He sighed. “Once you’ve discovered the secret to everything, are you going to use some half-living construct to shape the world to your designs, as it’s said Aulë did before the Elves awakened? Because otherwise, you’ll have to talk to people.” 

“That’s not fair. I can talk to people,” I said. “I am said to be compassionate and good-spirited.” I was, through deliberate practice – but then, wasn’t that more impressive than having a natural instinct for it? “I will study politics and learn the principles of governance and be a just and capable ruler. Just – not yet. Do you know what I’ve been congratulated on most, in the letters and gifts celebrating the certification and my majority? My hair.”

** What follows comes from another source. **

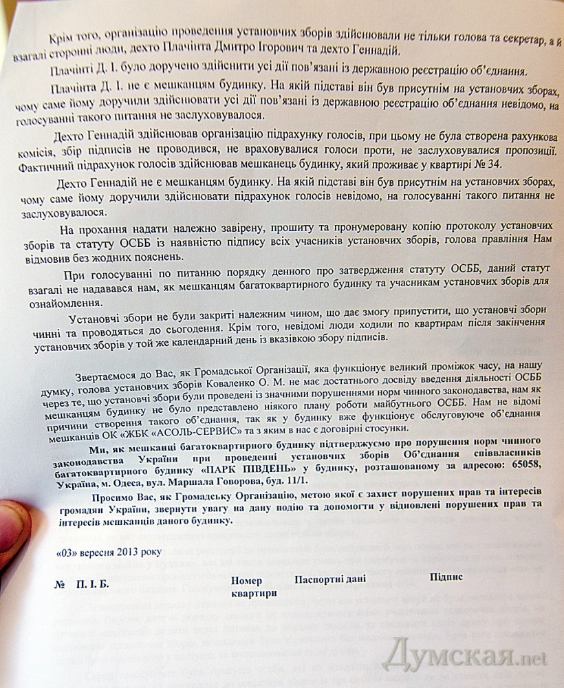 Одесса: сразу две организации борются за право обслуживать высотку у парка ПобедыВ доме №11/1 по улице Маршала Говорова, который неоднократно упоминался в связи с застройкой дендропарка Победы, возник еще один конфликт. Жильцы многоэтажки разделились на два противоборствующих лагеря — соответственно числу обслуживающих контор, алчущих этой самой многоэтажкой домоуправлять. До весны этого года дом обслуживала строительная компания «Ассоль», которая его и возводила. Но потом застройщику это надоело, и он передал бразды обслуживания неприбыльной организации «Ассоль-строй». Председатель последней Елена Майстренко рассказала «Думской», что за полгода работы новый кооператив успел заключить договора более чем с 60 жильцами, взвалить на себя их общий долг в 183 тысячи гривен и наладить работу со всеми поставщиками коммунальных услуг. Однако в прошлом месяце по инициативе одного из жильцов — Александра Коваленко — было создано ОСМД «Парк Юг». Также за это объединение совладельцев выступили двое молодых людей — Олег и Геннадий, которые представились «членами общественной организации, занимающейся защитой прав инвесторов одесских недостроев». По словам Елены Майстренко, учредительное собрание, участники которого чуть ли не единогласно поддержали создание ОСМД, проводилось с многочисленными нарушениями. «Во-первых, у них не было необходимого кворума, так как голосовать должны не только жильцы, но и наниматели жилой и нежилой площади в здании, включая даже владельцев парковочных мест в подземном паркинге. Дошло до вопиющих фактов, когда в голосовании и подсчете голосов принимали участие люди, не имеющие вообще никакого отношения к нашему дому, — заявил она. — Многие жильцы дома даже не знали о проведении этого собрания, часть подписей, как мы считаем, просто подделали». Тем временем некоторые жильцы опасаются, что смена обслуживающей организации ударит по их кошелькам. «Работа новой структуры приведет только к ухудшению услуг и повышению цен, они ведь для этого и создают ОСМД, чтобы цены повысить», — уверен 65-летний житель дома Владимир Шурдук. Как доказательство того, что происходящие изменения волнуют большинство жильцов, председатель кооператива передала журналистам обращение в общественную организацию «За справедливость и закон» и судебный иск с требованием признать недействительными результаты учредительного собрания. Следующим шагом жильцы называют обращение в прокуратуру по факту фальсификации подписей и уставных документов. СМЕРТЬ РОСІЙСЬКИМ ОКУПАНТАМ! Помітили помилку? Виділяйте слова з помилкою та натискайте control-enter |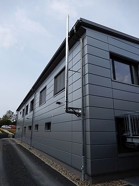 Für die Heizungsanlage im Bauhof der Stadt Lichtenfels haben wir die optisch zur Fassade passende Abgasanlage und die Kaskade der Gasbrennwertfeuerstätten erstellt

“Well, it is uniquely beautiful hair,” he offered, twirling his own around one finger.

All of my achievements are unique,” I growled.

“Marine biology? Ossë’d probably agree to help you, maybe not if you went to him with a long list of questions but certainly if you fell into the ocean while trying to verify your answers.”

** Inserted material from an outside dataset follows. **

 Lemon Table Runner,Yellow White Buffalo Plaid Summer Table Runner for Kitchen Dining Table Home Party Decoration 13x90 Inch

“That might do,” I said slowly.

He chuckled again. This time I wasn’t sure he was laughing at me, and oddly that made me less comfortable. “What?”

“I greatly enjoy talking with you,” he said, “but it’s astonishingly freeing to make a suggestion that isn’t shot down within five seconds. And so rare. Refreshingly rare,” he added hastily at my crestfallen expression. “You know I love a good challenge.”

“I’ll ask Amil,” I said, “she’ll be pleased.”

She was.

My mother and I did not see eye to eye. That was not just because at 50 I was already a head taller than her, or because my studies kept tugging me up the mountain to Valimar which bewildered her or Tirion which she disliked. It was also not because she’d named me ‘Man-Maiden’, as a particularly persistent rumor in the city had it, though it was related to some differences in our outlook that were also related to why she had given me that name.

 The King had, at last count, thirteen grandsons and two granddaughters. People said that was why I was competitive and arrogant and friendless, and why Irissë was reckless – too much male influence in our lives, too many brothers and cousins. The poor King, to have gotten men in all but looks when at last he’d been granted granddaughters. 

Carnistir studied mathematics and embroidery and Findaráto spent all of his time looking pretty and shopping for clothes and jewelry and everyone knew Findekáno flirted with men and yet no one called them girl-princes or wondered if they’d been warped by too many female influences. It was infuriating.  

Andnone of the boys were married and I was only fifty and people were already saying things and –

“Dear?” said my mother, and that was when I realized I’d gotten lost in thought in the middle of persuading her of my new course of study, and failed to notice any of the many signs of boredom and disappointment that the Eldar display during conversation, such as foot tapping and deep sighing and eye movement.  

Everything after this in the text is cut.